That difficult moment in life ended soon after. Three solid years of massive home remodeling (or demolition, as it often was) translated into a beautiful two story house.  The year of living in a twenty foot travel-trailer, of constant debris in living spaces, of exposed wires and leaking pipes, and a dad who hit thumbs with hammers, and said exotic expletives we only knew from legend, all this chaos ended, and we became a family again.  

Those unintended angry words, the constant frustration, the flustered look of mom magically making the bills work out, all that ended too. And our real Dad came back. The man who had been working 40 hours at his church, dealing with other people's problems, coming home to work another 4 hours on our "church," delegating most of my middle school years into constructive construction tasks, he was gone.  As the last touches of finished carpentry were nailed up, he learned to relax. We finally had a home. One from which I no longer wanted to escape. The stress of massive home renovation is enough to tear even the stablest families apart. We barely survived.  

Cougar winking at camera puma mountain lion cute
Here's looking at you kid.

Ten months later, we sold our beautiful home and moved to Oregon. Into another fixer-upper. And it started all over again. But Mom and Dad had learned something about keeping a family intact during chaos.  The money wasn't so tight this time, and Dad was more accommodating of our youthfulness. And Corey and I? We had learned how to work. So when it was time to help build our new home, we complained, but not enough to run away.  

Which is a good thing, too. Because I totally would've died of exposure within 24 hours, or been violated by a cougar.  (which I guess to a teenage boy, is kind of a fantasy).  

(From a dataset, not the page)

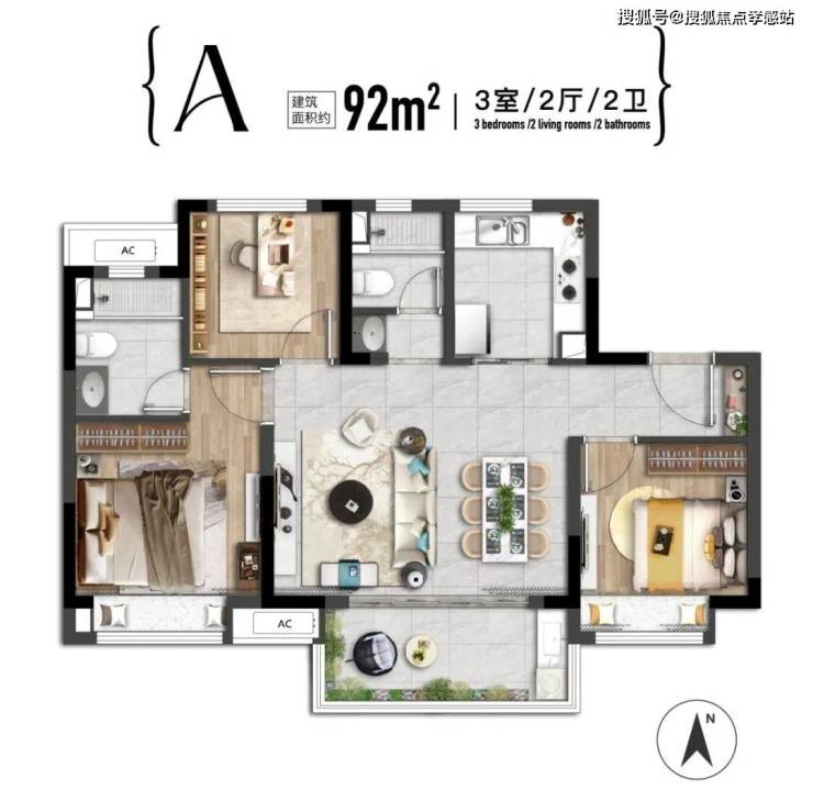 此外云湾还有2幢洋房,均为建面约92㎡毛坯3房,四开间朝南,尺度感很好;主卧舒适的套房设计,将生活品质感拉满。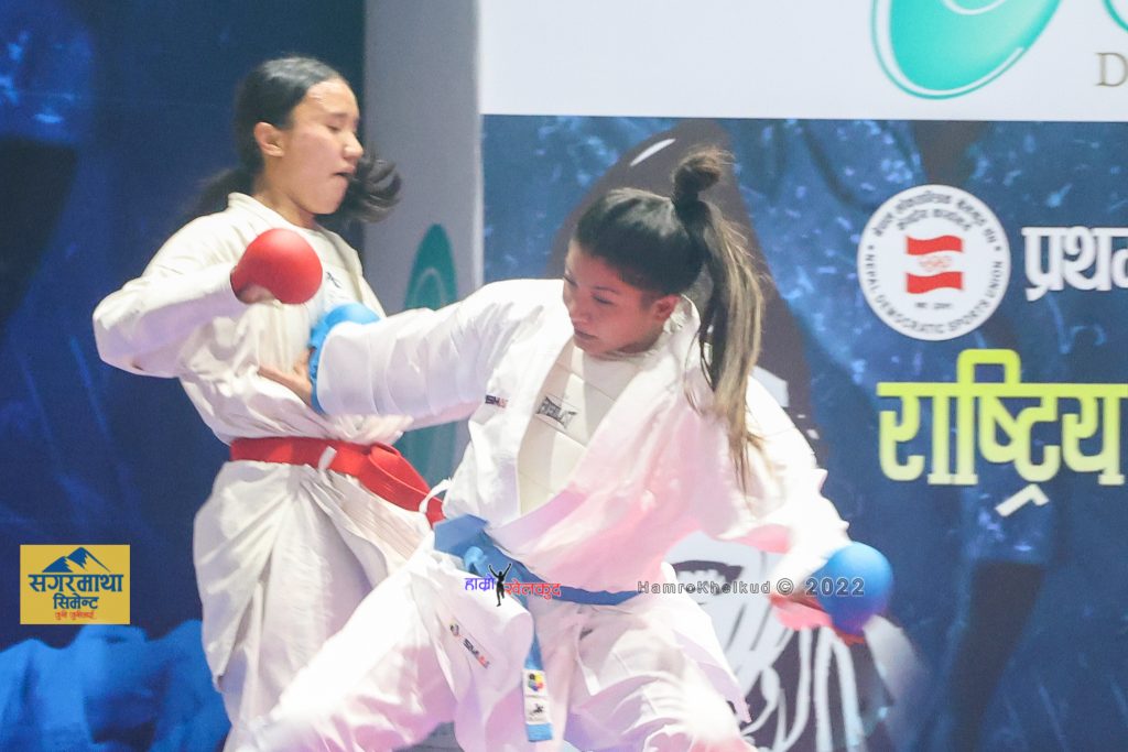 काठमाडौं (हाम्रो खेलकुद)– त्रिभुवन आर्मी क्लबकी निरुपा तामाङले प्रथम कृष्णप्रसाद भट्टराई स्मृति राष्ट्रिय कराते प्रतियोगिताको महिला ६८ केजीमाथिको तौल समूहमा स्वर्ण पदक जितेकी छन् । सो तौल समूहमा १३ औं दक्षिण एसियाली खेलकुद (साग) की स्वर्ण पदक विजेता सुनिता महर्जन भने सेमिफाइनलमा पराजित भएकी छन् ।

Unfathomably, 1.5 million U.S. kids run away each year. Unlike myself, many have legitimate reasons.  If you'd like to help, check out the National Runaway Safeline or other programs.  And take your kid out to pizza every now and then to prevent pent up feelings.  

11 comments:

  1. That's the problem with all you cry babies these days. Oh work, oh, aw aw wine wine or is that beer beer. When i was a kid I walked 5 miles to school and when I got home had to do 5 hours or farm work. Real man work! Then I had home work from that one room school house. My Mammy made me do every single lesson. When i got up I had to milk the goat so all my 5 simblins could get some milk to drink. So all you little wimpies out there listen up to this guy, hear me. He's not into no vampire pretty boys crap and you won't have to worry about being bit by some girl that doesn't get enough protein!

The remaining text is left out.